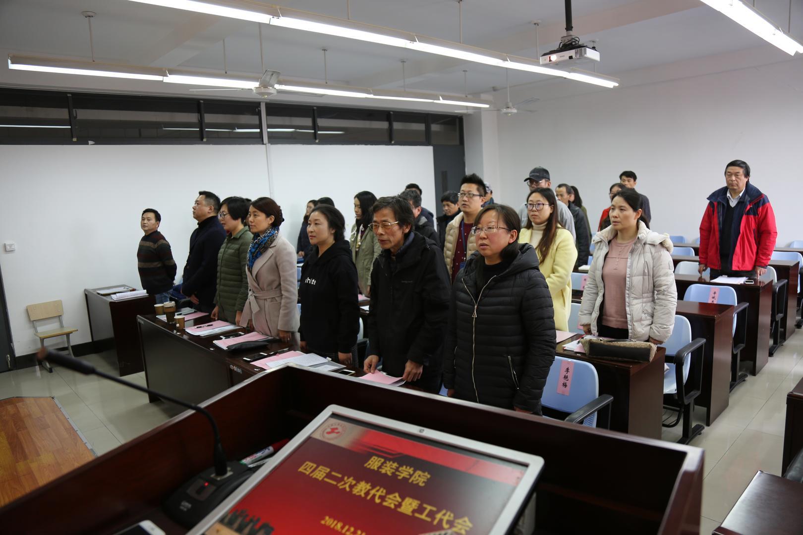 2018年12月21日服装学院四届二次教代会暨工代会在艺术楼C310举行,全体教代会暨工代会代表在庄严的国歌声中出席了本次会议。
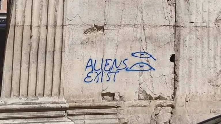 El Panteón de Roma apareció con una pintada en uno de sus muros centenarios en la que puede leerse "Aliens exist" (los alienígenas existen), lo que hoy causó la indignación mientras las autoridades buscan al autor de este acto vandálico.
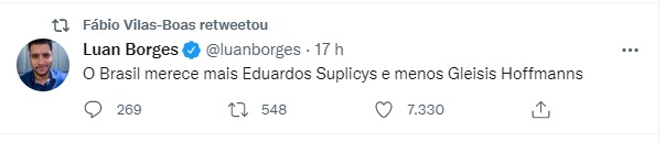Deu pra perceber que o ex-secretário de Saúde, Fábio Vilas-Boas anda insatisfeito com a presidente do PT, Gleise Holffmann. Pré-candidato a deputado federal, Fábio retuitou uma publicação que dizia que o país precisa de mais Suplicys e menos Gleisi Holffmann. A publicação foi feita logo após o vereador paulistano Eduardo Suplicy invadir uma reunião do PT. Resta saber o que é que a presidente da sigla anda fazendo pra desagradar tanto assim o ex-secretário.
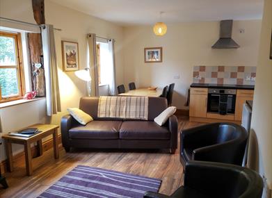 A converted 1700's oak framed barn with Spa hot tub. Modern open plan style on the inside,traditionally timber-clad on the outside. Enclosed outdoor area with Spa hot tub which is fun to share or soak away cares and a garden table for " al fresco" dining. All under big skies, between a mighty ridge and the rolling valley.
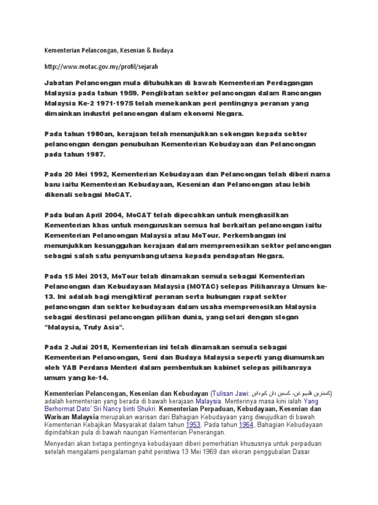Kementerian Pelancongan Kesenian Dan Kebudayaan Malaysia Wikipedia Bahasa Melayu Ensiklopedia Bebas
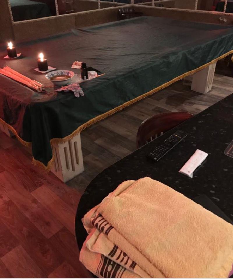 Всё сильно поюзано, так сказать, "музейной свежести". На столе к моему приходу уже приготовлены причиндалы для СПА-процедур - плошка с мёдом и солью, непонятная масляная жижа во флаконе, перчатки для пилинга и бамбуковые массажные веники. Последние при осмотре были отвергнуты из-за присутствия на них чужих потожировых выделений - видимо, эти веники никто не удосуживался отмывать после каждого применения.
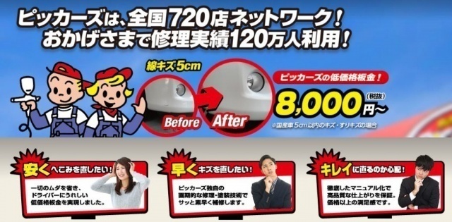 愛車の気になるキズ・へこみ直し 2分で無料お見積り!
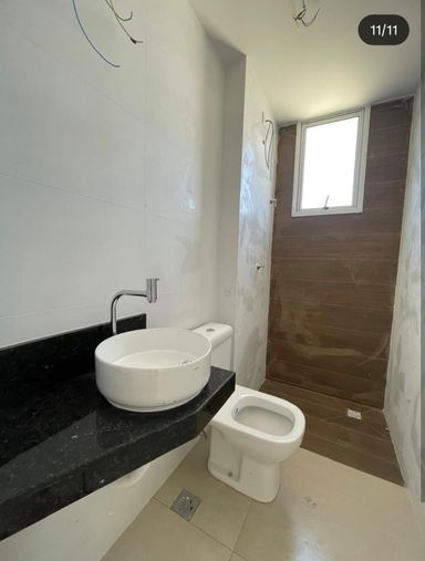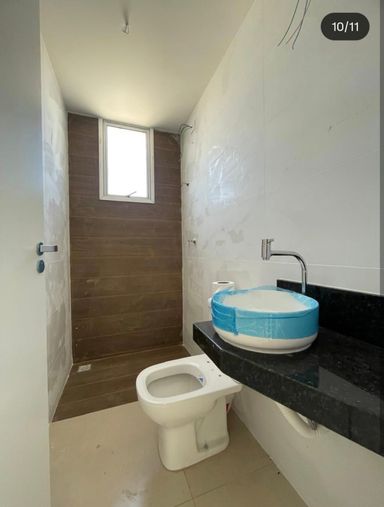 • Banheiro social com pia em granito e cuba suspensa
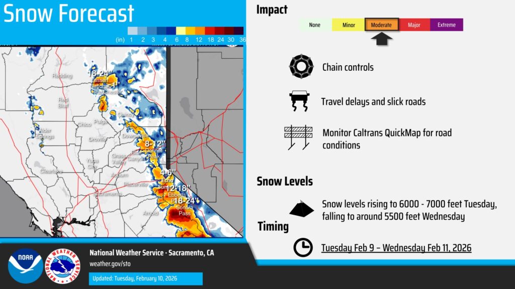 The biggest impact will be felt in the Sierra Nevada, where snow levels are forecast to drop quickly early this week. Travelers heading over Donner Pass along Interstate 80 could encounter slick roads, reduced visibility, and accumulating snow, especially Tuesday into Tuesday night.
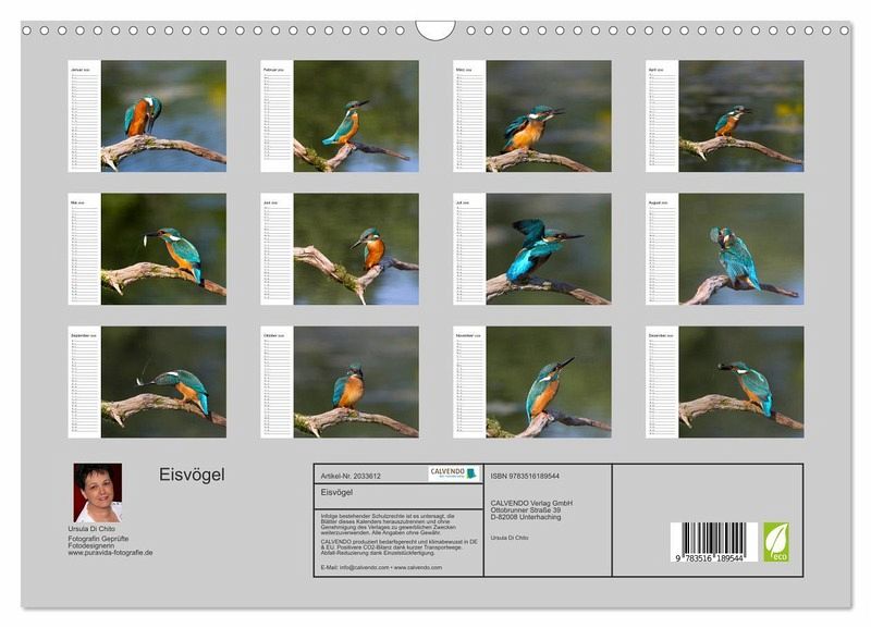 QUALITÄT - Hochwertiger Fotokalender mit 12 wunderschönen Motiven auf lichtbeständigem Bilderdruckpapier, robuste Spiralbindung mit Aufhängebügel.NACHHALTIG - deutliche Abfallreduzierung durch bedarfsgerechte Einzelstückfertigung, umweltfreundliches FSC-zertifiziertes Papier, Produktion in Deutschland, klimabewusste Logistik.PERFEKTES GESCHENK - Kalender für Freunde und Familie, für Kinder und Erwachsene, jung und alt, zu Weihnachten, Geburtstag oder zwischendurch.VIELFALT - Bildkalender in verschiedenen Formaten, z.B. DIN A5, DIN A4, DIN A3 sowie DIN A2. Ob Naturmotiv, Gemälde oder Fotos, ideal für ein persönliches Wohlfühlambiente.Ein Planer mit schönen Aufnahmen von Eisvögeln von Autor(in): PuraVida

==================================================

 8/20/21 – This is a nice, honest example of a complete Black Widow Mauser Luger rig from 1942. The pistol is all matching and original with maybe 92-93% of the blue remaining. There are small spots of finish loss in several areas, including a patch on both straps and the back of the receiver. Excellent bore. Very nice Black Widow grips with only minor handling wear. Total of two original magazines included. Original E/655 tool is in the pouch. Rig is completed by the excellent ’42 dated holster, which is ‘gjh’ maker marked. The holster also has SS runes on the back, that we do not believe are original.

==================================================

PROBLEM TO WORK ON: All that is wanted is the lines above between the one containing "The biggest impact" and the one containing "QUALITÄT - Hochwertiger", inclusive, restated word for word, with pictures omitted.

ANSWER BOX:
 The biggest impact will be felt in the Sierra Nevada, where snow levels are forecast to drop quickly early this week. Travelers heading over Donner Pass along Interstate 80 could encounter slick roads, reduced visibility, and accumulating snow, especially Tuesday into Tuesday night.
 QUALITÄT - Hochwertiger Fotokalender mit 12 wunderschönen Motiven auf lichtbeständigem Bilderdruckpapier, robuste Spiralbindung mit Aufhängebügel.NACHHALTIG - deutliche Abfallreduzierung durch bedarfsgerechte Einzelstückfertigung, umweltfreundliches FSC-zertifiziertes Papier, Produktion in Deutschland, klimabewusste Logistik.PERFEKTES GESCHENK - Kalender für Freunde und Familie, für Kinder und Erwachsene, jung und alt, zu Weihnachten, Geburtstag oder zwischendurch.VIELFALT - Bildkalender in verschiedenen Formaten, z.B. DIN A5, DIN A4, DIN A3 sowie DIN A2. Ob Naturmotiv, Gemälde oder Fotos, ideal für ein persönliches Wohlfühlambiente.Ein Planer mit schönen Aufnahmen von Eisvögeln von Autor(in): PuraVida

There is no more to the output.